Стремительно шагнув, очутился он перед Филимоном, впился в него взором, потемневшим от неистового напряжения.
И вдруг взор его бросил Филимона, будто того больше и не существовало.
– Бежать?! Срам непереносный – бежать от супостата. С тем на Дон вернуться хотите? Малые дети засмеют, старики отворотятся, бабы в глаза наплюют. Чего боитесь? Помереть боитесь? Пыткой и колесом не стану стращать. Свои казаки, как тлю, пришибут беглеца. А сбережете жизнь – не человечью, собачью.
Но Филимон не тронулся с места и, когда на миг смолк атаман, тряхнул головой, будто подавая знак. И за плечами его кто-то громко, шепеляво проговорил:
– Тишь на Дону. Ясменно на небе, кони ржут в базах. Теплынь-туман с Азова…
Все это дал сказать атаман. Кивнул и подхватил:
– Тишь на Дону. Помню про то. И никогда не забуду. Дон – матерь, корень казачий. Проклят, кто над матерью надругается. Для нее трудимся. Над всей Русью, над великой, блеснет слава наша, донских казаков! Повторил, возвысив голос:
– Всех выше на веки веков казачью славу подымем. Люди по всей Руси поклонятся нам. Попы в церквах будут выкликать имена наши. От отцов к детям пойдут они, от дедов к внукам и правнукам. И пусть же не забудут их, пока кровь наша, русская, жива на земле!

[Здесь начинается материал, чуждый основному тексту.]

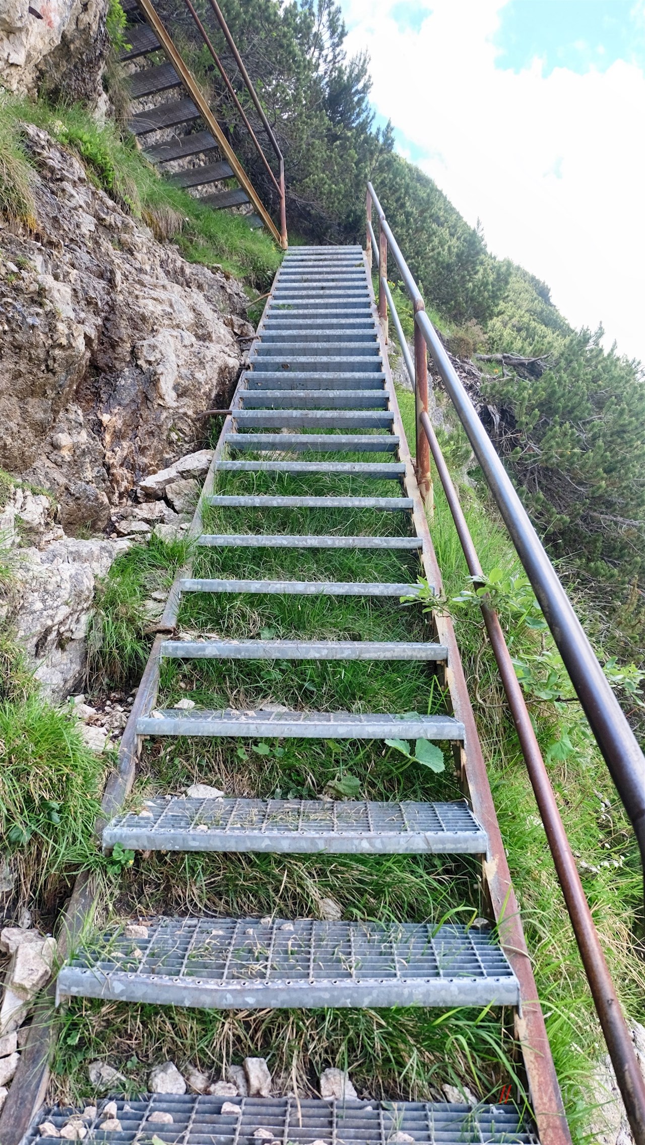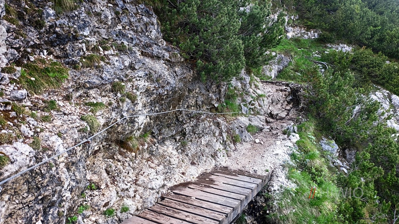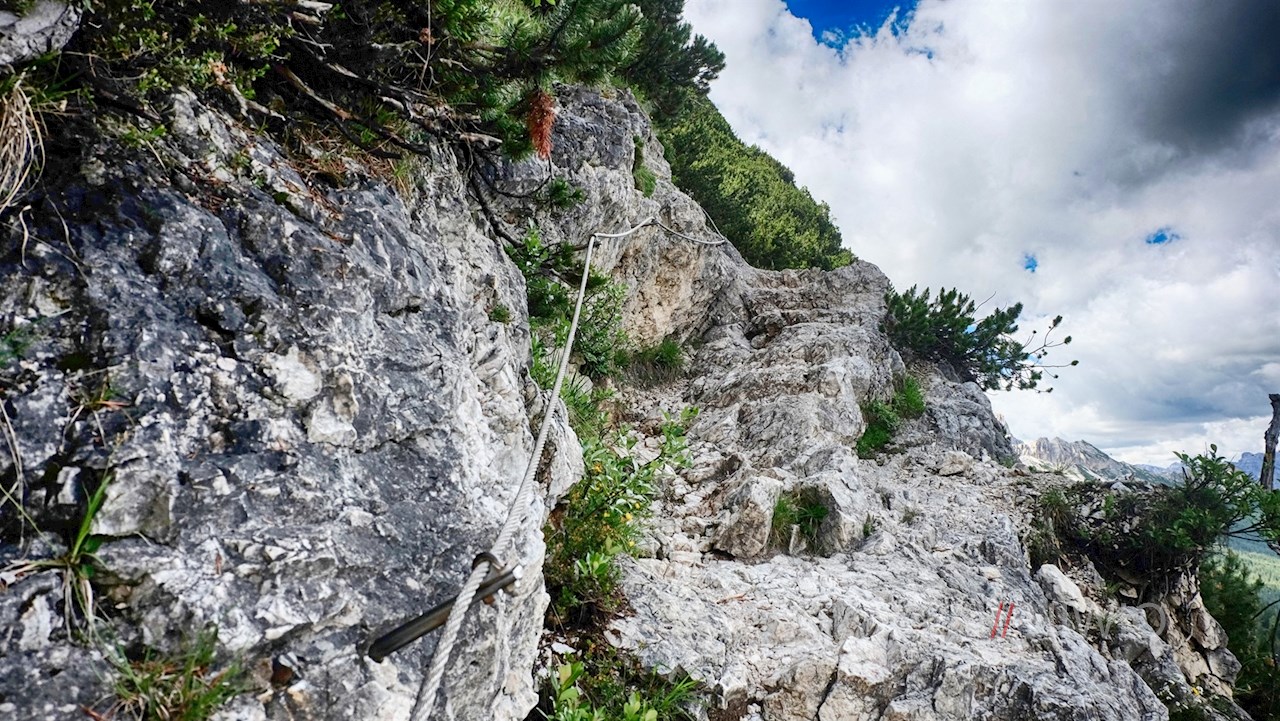 Presto si giunge ad alcuni passaggi esposti, che si sono attraversare in sicurezza grazie a delle funi d'acciaio e scalinate metalliche attaccate nelle rocce. Tuttavia, questo sentiero è consigliato agli escursionisti privi di vertigini e abituati a sentieri di montagna, visto che il sentiero è stretto e conduce attraverso una parete rocciosa accanto a un abisso profondo centinaia di metri.

Умолк. Слышалось дыхание людей. Хитро прищурился и спросил:
– Своей смерти, что ль, миновать хотите?
Из-за спины Филимона раздалось:
– Да мы с казачьей сакмы не сходили.
То опять сказал голос Селиверста, искателя кладов.
Ермак повернулся к нему:
– Они ж, браты твои, головы сложили – за товариство, за казачество, за Русь. Теперь ли сойдешь?

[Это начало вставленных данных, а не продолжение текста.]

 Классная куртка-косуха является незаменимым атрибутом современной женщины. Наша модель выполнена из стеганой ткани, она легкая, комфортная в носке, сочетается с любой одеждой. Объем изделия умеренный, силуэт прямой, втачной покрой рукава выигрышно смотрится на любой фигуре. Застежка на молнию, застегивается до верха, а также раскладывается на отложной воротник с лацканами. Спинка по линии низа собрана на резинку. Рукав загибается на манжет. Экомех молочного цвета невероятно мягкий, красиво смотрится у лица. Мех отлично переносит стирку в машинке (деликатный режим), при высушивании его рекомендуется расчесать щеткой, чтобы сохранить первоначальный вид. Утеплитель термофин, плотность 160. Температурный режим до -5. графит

Взгляд его внезапно нашел Филимона.
– Ступай, – тихо, грозно сказал ему Ермак, – на место ступай!
И неотрывно следил за ним, пока широкая его спина, колыхаясь, не скрылась в толпе.
Тогда он потер одну руку о другую и простым, веселым говорком досказал:
– Кто тут говорит: голову, мол, класть велю? Не велю! Таскать ее, что ль, надоело? Хана сгони и живи: так велю. Сюда привел не на гибель. У Бабасанских юрт было их десять на одного – одолели. Мимо Долгого яра проплыли. К вольной воле веду. Вон она, рукой подать. Из руки своей отдать ее ворогу? Как Мамай бежал, с той поры не боялась ханов Русь!
Всех оглядел вокруг.
– Войско! Слушай! Одна сакма – в Сибирь-город!
И надел шапку. Мужицкий его кафтан продрался на локотках. В походах он не хоронился за спинами. Сам он, батька, тяжелым своим мечом прокладывал дорожку. Было что есть – ел, не было – и квасом из тобольской да иртышской водицы сыт. Он вел путями, где никто не провел бы. И проходили с ним, где не прошел бы никто.
Он снова крикнул, почти взвизгнул:
– Все поляжем! Поляжем, а назад не пойдем!
И тогда в безмолвии раздался тонкий голос Бурнашки:
– И-эх… атаман!..
Двадцать третьего октября казачье войско пересекло Иртыш.
В те времена Иртыш оставлял лишь узенькую ленточку плоского прибрежья под кручами Чувашего мыса.
Эту ленточку татары преградили завалом.
На мысе стояли главные силы Кучума.
Место казалось неприступным.
Здесь в темноте высадились казаки на топкую землю.
До утра, без сна, перетаскивали со стругов пушечные ядра, порох, пищали. Войско поредело, но клочок земли был тесен и мал, сотням негде было развернуться. Дрогли от предрассветного холода. И со всех сторон слышались голоса в огромном татарском лагере.
На заре косо, свистя, полетели стрелы с голой и черной Чувашевой горы, и над ней показался зеленый значок Кучума.
Тогда взвилось знамя над тем местом, где стоял Ермак.
Татары разглядели весь казачий лагерь. Они видели, как он мал, и выкрикивали сверху бранные слова и хохотали, издеваясь. Вот он, страшный враг, безумно загнавший себя в западню, запертый между горой, рекой и неприступно укрепленной кручей! И они привязывали к стрелам дохлых мышей и баранью требуху.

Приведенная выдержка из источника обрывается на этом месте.